**SOURCE INFORMATION**
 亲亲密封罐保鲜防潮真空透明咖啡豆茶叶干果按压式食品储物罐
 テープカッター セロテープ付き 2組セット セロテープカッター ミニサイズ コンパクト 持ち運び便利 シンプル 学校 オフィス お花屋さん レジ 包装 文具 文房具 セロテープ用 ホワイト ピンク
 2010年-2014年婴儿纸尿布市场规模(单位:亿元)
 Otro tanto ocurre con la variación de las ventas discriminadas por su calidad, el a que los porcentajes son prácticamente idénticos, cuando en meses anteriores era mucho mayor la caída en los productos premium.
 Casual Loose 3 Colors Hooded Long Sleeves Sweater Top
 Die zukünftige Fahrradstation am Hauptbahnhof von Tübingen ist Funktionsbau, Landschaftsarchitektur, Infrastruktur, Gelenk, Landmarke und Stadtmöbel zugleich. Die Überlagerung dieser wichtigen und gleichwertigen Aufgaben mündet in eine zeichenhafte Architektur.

==

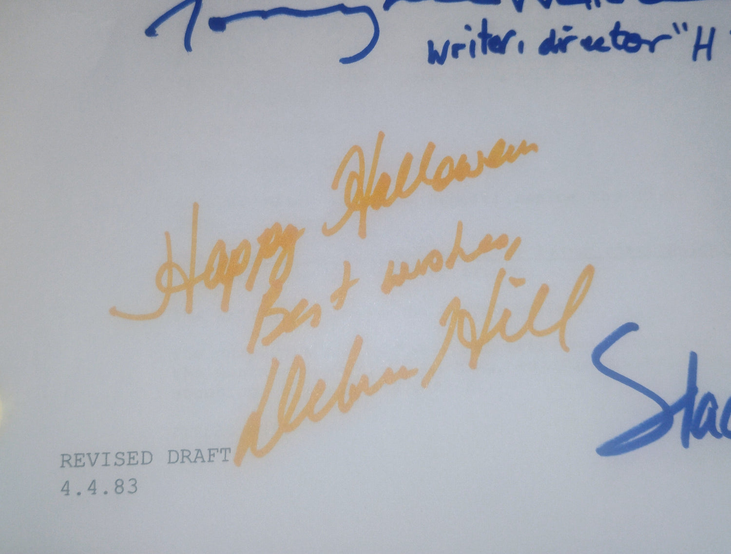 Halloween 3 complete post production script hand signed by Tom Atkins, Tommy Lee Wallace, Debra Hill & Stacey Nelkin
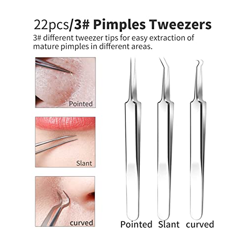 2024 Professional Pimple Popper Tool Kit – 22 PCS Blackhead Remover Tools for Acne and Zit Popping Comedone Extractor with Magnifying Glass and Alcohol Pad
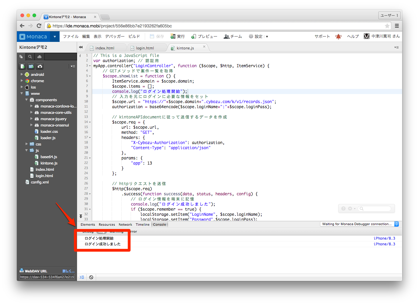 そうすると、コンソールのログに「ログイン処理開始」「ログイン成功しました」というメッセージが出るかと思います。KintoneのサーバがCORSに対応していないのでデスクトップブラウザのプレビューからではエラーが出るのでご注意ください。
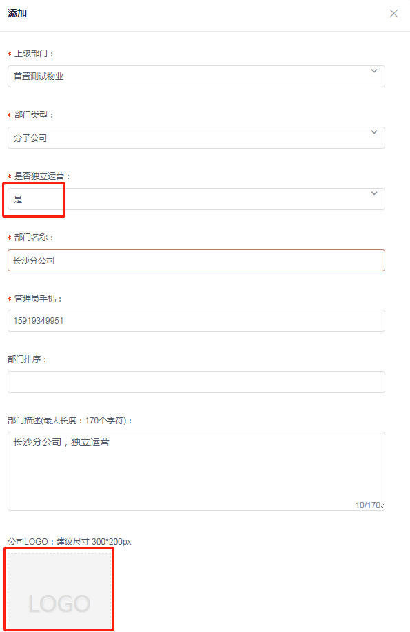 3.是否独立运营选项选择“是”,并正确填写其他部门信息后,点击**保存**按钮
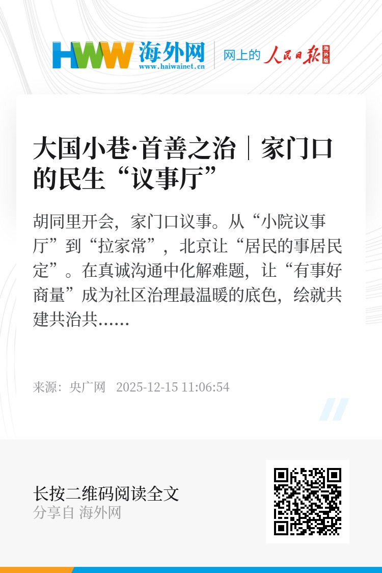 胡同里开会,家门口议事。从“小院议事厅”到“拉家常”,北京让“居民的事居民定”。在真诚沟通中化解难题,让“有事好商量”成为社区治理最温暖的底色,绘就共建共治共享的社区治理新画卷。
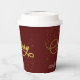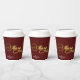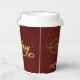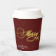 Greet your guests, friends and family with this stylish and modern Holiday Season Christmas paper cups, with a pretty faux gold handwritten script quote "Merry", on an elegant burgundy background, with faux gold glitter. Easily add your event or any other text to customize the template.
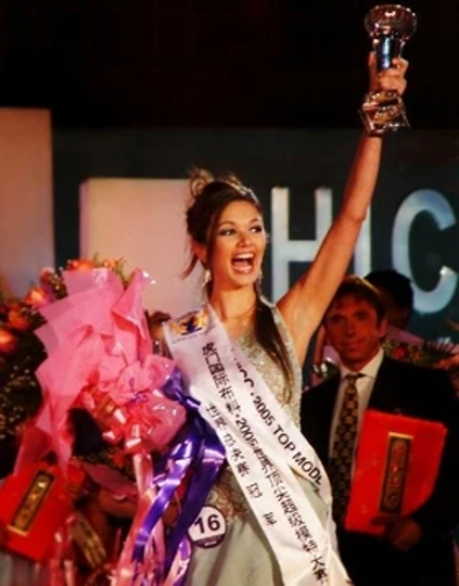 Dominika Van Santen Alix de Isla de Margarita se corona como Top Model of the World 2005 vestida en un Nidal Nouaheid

--

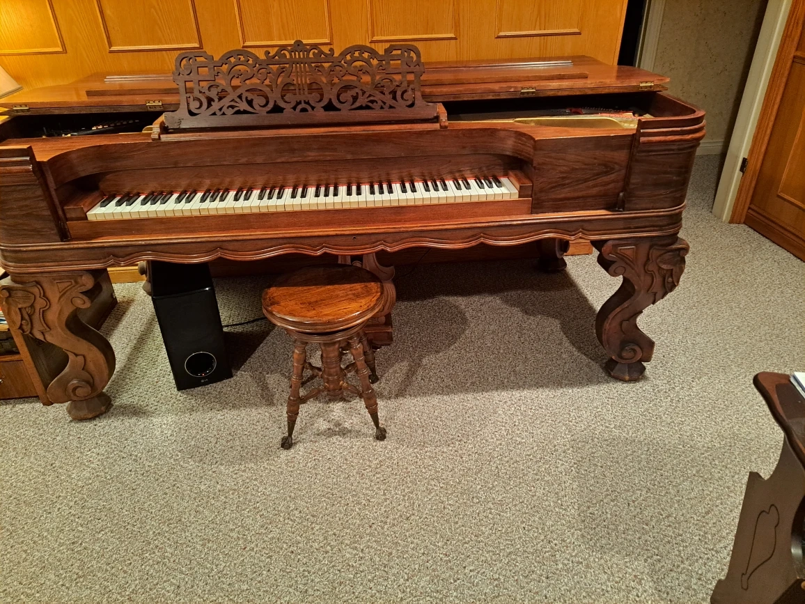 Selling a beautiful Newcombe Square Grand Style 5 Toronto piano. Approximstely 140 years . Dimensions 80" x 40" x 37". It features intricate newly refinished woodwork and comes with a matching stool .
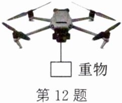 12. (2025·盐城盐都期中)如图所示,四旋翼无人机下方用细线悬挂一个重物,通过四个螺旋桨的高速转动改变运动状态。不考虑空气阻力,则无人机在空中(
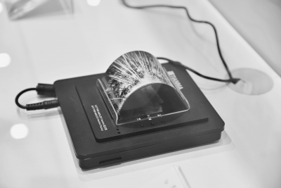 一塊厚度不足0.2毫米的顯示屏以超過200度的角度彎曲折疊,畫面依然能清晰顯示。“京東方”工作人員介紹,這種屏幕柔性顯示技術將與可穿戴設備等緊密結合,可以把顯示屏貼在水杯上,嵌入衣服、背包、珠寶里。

**TASK ITEM**
The reply should consist solely of the lines above from the one that has "亲亲密封罐保鲜防潮真空透明咖啡豆茶叶干果按压式食品储物罐" through the one that has "Die zukünftige Fahrradstation", reproduced exactly.

**ANSWER BOX**
 亲亲密封罐保鲜防潮真空透明咖啡豆茶叶干果按压式食品储物罐
 テープカッター セロテープ付き 2組セット セロテープカッター ミニサイズ コンパクト 持ち運び便利 シンプル 学校 オフィス お花屋さん レジ 包装 文具 文房具 セロテープ用 ホワイト ピンク
 2010年-2014年婴儿纸尿布市场规模(单位:亿元)
 Otro tanto ocurre con la variación de las ventas discriminadas por su calidad, el a que los porcentajes son prácticamente idénticos, cuando en meses anteriores era mucho mayor la caída en los productos premium.
 Casual Loose 3 Colors Hooded Long Sleeves Sweater Top
 Die zukünftige Fahrradstation am Hauptbahnhof von Tübingen ist Funktionsbau, Landschaftsarchitektur, Infrastruktur, Gelenk, Landmarke und Stadtmöbel zugleich. Die Überlagerung dieser wichtigen und gleichwertigen Aufgaben mündet in eine zeichenhafte Architektur.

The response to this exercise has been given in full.